Big 4 or Accenture?

guo77's picture
Rank: Chimp | 14

Hey guys:

I am a senior accounting student. Recently I got an offer from Accenture Shanghai( I am a international student studying in the U.S). It is an entry-level consultant position. Accenture gave me limited time to decide whether to accept the offer or not. Since I am graduating in December and I was an intern for one of the big 4 accounting firm, I am very likely to get an full-time offer from the big 4 firm, and the position is based in the U.S.

My plan is going to graduate school in the U.S (most likely MBA program) after working full-time for several years and develop my career here in the U.S. So I cannot decide which way to go at this time. Because except for the potential big 4 accounting position, it is possible for me to find other full-time jobs in the consulting field(can't get in top-tiers, but possibly boutique consulting firms). Will people in the U.S. value full-time work experience in Accenture shanghai? Or Should I negotiate to just get an internship in Accenture and keep looking for jobs in the U.S?

Any suggestions are welcome! Thanks in advance:)

Accenture vs Big 4

Here the distinction is made between accounting and consulting practices at big 4 and Accenture.
from @johnnie.welker

Couple things that I don't agree with here.
1) I used to be in audit before getting my MBA, so I can chime on some myths:
Big 4 Audit + CPA doesn't equal upper middle class lifestyle ($100K+) on a 9-5 schedule. That's so untrue. To make $100K with an accounting degree that would require 5-7 years of experience. Also, as you move the ladder in Big 4 and in Industry, you tend to work more hours.

2) Deloitte Consulting = Accenture Consulting> PwC Advisory. Deloitte and Accenture pay 20-25% more than PwC.

3) You can't just switch to advisory from Audit in a BIG 4. This is very unlikely. You will need to be on the upper tier of ratings, and know a partner or two who wants you in Advisory.

My take is, if you want to do consulting, go with a Consulting position. If you don't know what you want, then flip a coin.

from certified user @TopDGO

Thanks to johnnie.welker for clarifying a lot of the misinformation.

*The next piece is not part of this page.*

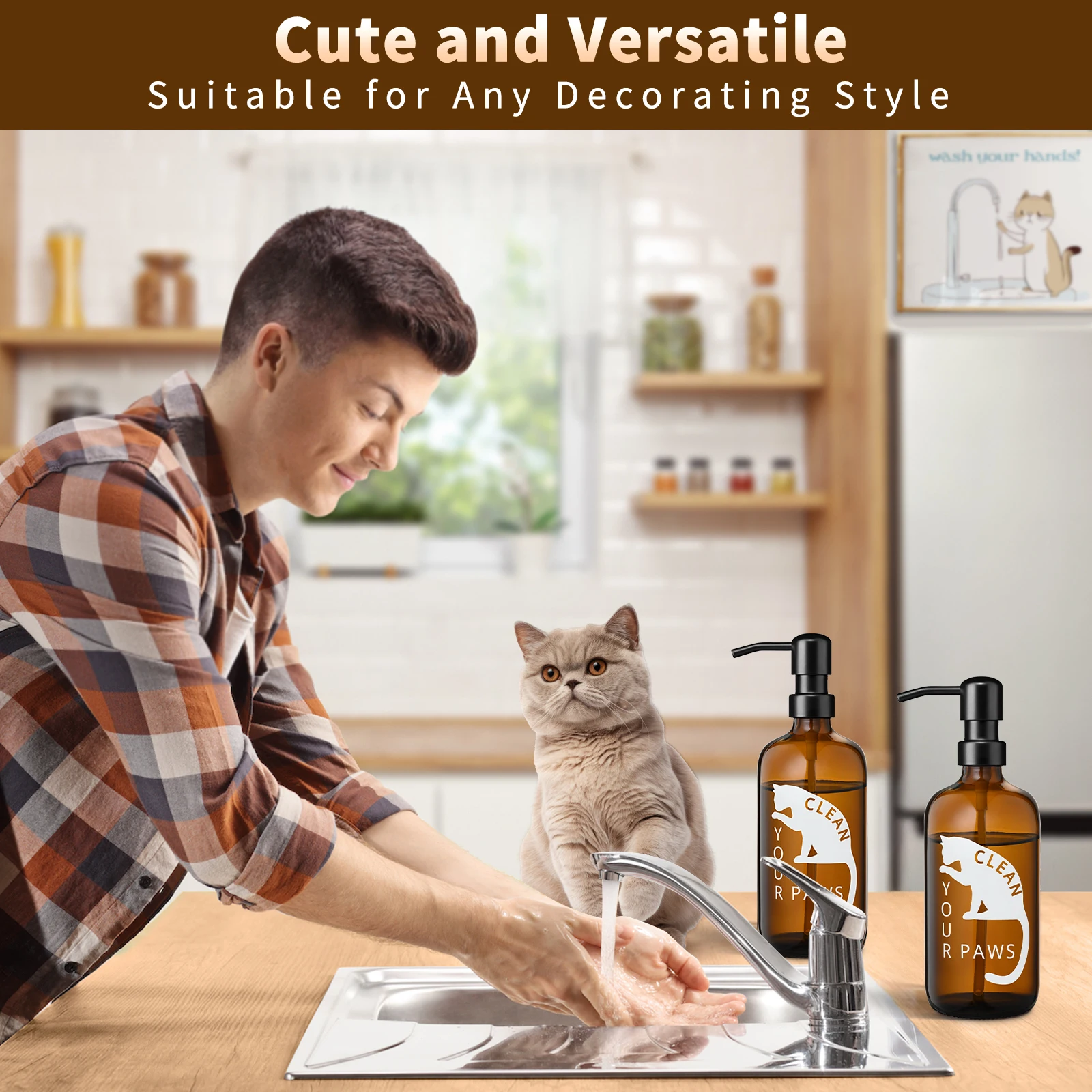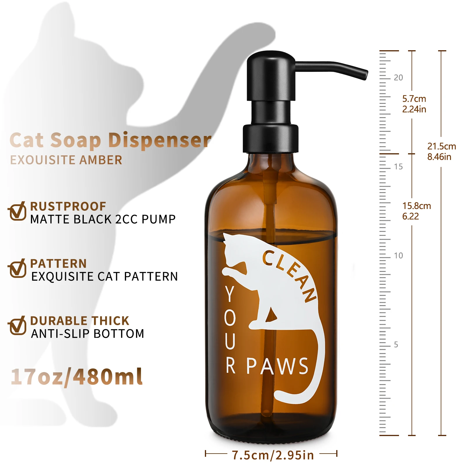เครื่องจ่ายสบู่แก้วสีเหลืองอําพันกลมบอสตันพร้อมรูปแบบสัตว์เลี้ยงสําหรับห้องน้ําและตู้ทําสบู่เคาน์เตอร์ครัว

Let's clarify, Big 4 Accounting = Big 4 Tax or Audit.

Big 4 Consulting = Big 4 Consulting.

Let's also clarify, Arthur Anderson consulting shut down post-Enron and we got Accenture and Deloitte Consulting. When you compare Deloitte and Accenture you have to take into account where within you are working and where in the world you are working. Consulting companies are not like a Fortune 500 manufacturing company. They are disjointed trees of partnerships. Deloitte may have an aerospace practice in their Seattle office that is better than any MBB aerospace practice in the world. But that doesn't mean that working in their Oracle implementation practice in the Cincinnati office carries the same prestige.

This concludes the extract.